Metadata-Version: 2.1
Name: hypercluster
Version: 0.1.12
Summary: A package for automatic clustering hyperparameter optmization
Home-page: https://github.com/liliblu/hypercluster
Author: Lili Blumenberg, Ruggles Lab
Author-email: lili.blumenberg@gmail.com
License: UNKNOWN
Description: # Hypercluster
        A package for clustering optimization with sklearn. 
        
        ### Requirements:  
        pandas  
        numpy  
        scipy  
        matplotlib  
        seaborn  
        scikit-learn  
        hdbscan  
        
        Optional:
        snakemake
        
        
        ### Install  
        With pip:
        ```
        pip install hypercluster
        ```
        
        or with conda:
        ```
        conda install hypercluster
        # or
        conda install -c conda-forge -c bioconda hypercluster
        ```
        If you are having problems installing with conda, try changing your channel priority. Priority of conda-forge > bioconda > defaults is recommended. 
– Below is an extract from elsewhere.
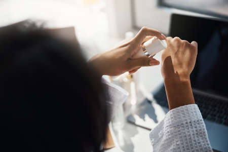 Women's hands apply cosmetic moisturizing cream lotion on white table. Natural cosmetics. Feminine beauty blog concept template

        To check channel priority: `conda config --get channels`
        It should look like:
        ```
        --add channels 'defaults'   # lowest priority
        --add channels 'bioconda'
        --add channels 'conda-forge'   # highest priority
        ```
        
        If it doesn't look like that, try:
        ```
        conda config --add channels bioconda
        conda config --add channels conda-forge
        ```
        
        ### Docs 
        https://hypercluster.readthedocs.io/en/latest/index.html  
        
        It will also be useful to check out sklearn's page on [clustering](https://scikit-learn.org/stable/modules/clustering.html) 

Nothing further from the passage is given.